L’esecuzione dei brani sarà affidata ad uno storico ensemble che nel 2016, a quasi trent’anni dalla sua fondazione, ha cambiato il suo nome in “Cappella Neapolitana di Antonio Florio”, rendendo omaggio al suo fondatore. L’ensemble è costituito da strumentisti e cantanti (Alessandro Ciccolini, primo violino; Patrizio Focardi, Paolo Cantamessa, violini I; Marco Piantoni, Nunzia Sorrentino, Massimo Percivaldi, violini II; Rosario Di Meglio, viola; Alberto Guerrero, violoncello; Giorgio Sanvito, contrabbasso; Patrizia Varone, cembalo; Valentina Varriale, soprano; Giuseppe De Vittorio, tenore) specializzati nell’esecuzione del repertorio musicale attivo a Napoli tra Sei e Settecento e mira alla riscoperta di compositori poco conosciuti ed eseguiti. È proprio la specificità musicale legata alla prassi esecutoria barocca e l’apertura verso repertori originali ad aver consentito all’orchestra di esibirsi negli anni sui più importanti palcoscenici nazionali ed internazionali del mondo dal Teatro di San Carlo alla Berliner Philharmonie, dall’Accademia di Santa Cecilia di Roma al Wiener Konzerthaus e nei maggiori festival di musica antica europei come il Festival di Versailles, Festival “Mozart” di La Coruña, Festival de Otoño di Madrid, Festival di Musica Antica di Tel Aviv.

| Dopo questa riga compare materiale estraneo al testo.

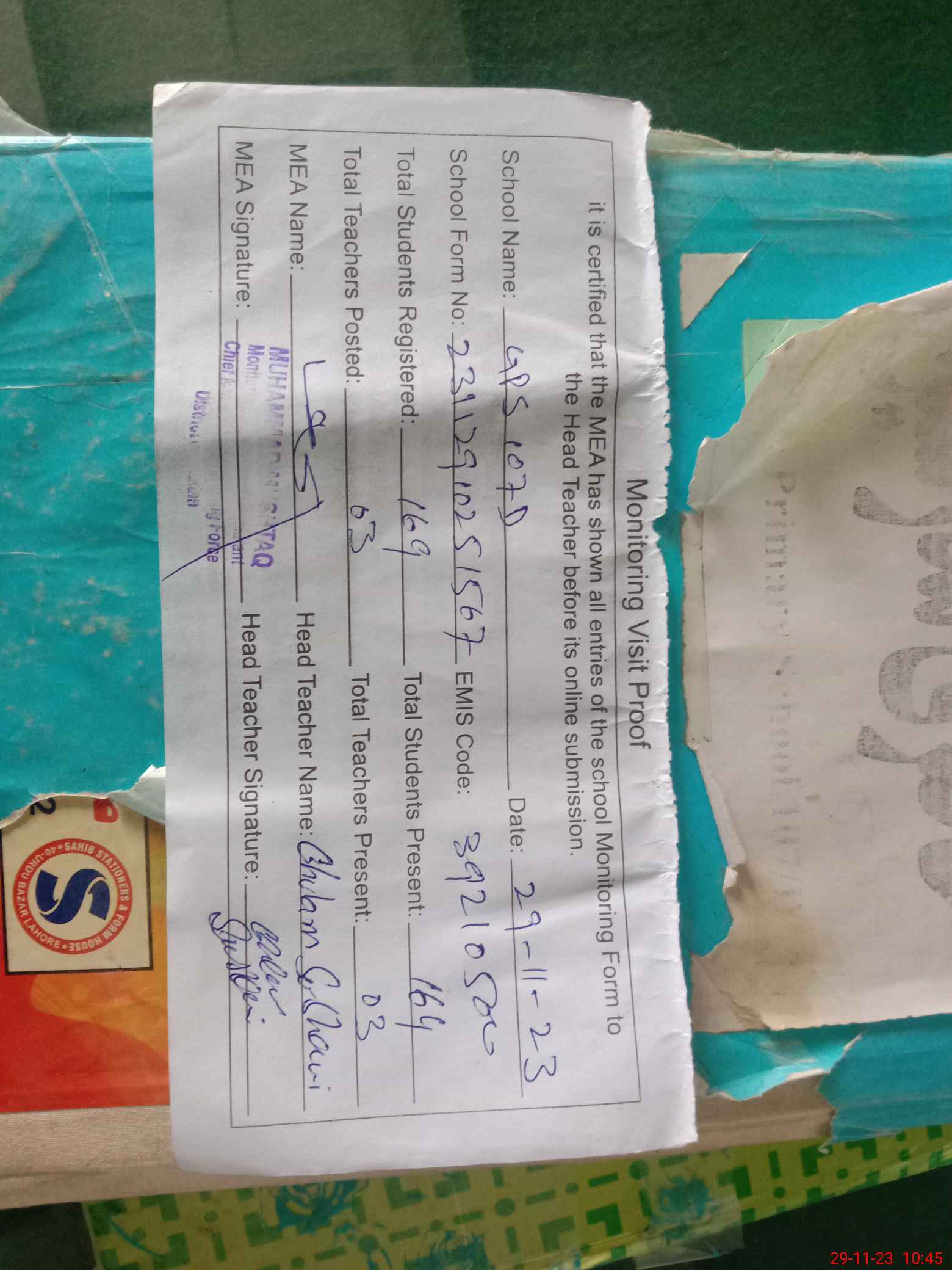 | Attendance Register | Head Teacher | MEA with School | Visit Proof |

Il programma prevede l’esecuzione di Anonimo (tradizionale), Canto dei carrettieri; Michelangelo Faggioli, La Catubba, tarantella a 2 voci; Francesco Provenzale, da Il Schiavo di sua Moglie, Sinfonia e “Me sento ‘na cosa” , aria di Sciarra; Leonardo Vinci, da Lo cecato fauzo, So le ssorva e le nespol’amare, aria e Che bella ‘nzalatell, duetto, da Partenope, Sinfonia, Allegro – Largo – Allegro; Giovanni Paisiello, da Pulcinella Vendicato, “Tengo treglie rossolelle”, aria di Carmosina e “Gioia de st’arma mia”, duetto di Pulcinella e Carmosina; Niccolò Gillo, Sosutose ‘no juorno de’ dormire, cantata; Leonardo Vinci, da Li Zite ‘ngalera, “Da me che bbuo’ se sa”, aria di Ciomma e “L’uommo è comm’a ‘nu piezzo de pane”, aria di Meneca; Leonardo Leo, da Alidoro, “Chesta è la regola”, aria di Zeza tavernara; Giuseppe de Majo, (da Lo Finto Lacchejo), “Quanno lo pesce è vivo”, aria; Leonardo Vinci, Sinfonia, Allegro – Adagio – Allegro; Giuseppe Petrini, Graziello e Nella, intermezzo a 2 voci con violini. Le musiche proposte affondano le proprie radici nella tradizione veneziana reinterpretata e arrangiata all’uso locale partenopeo fino a divenire l’essenza del teatro napoletano del Settecento.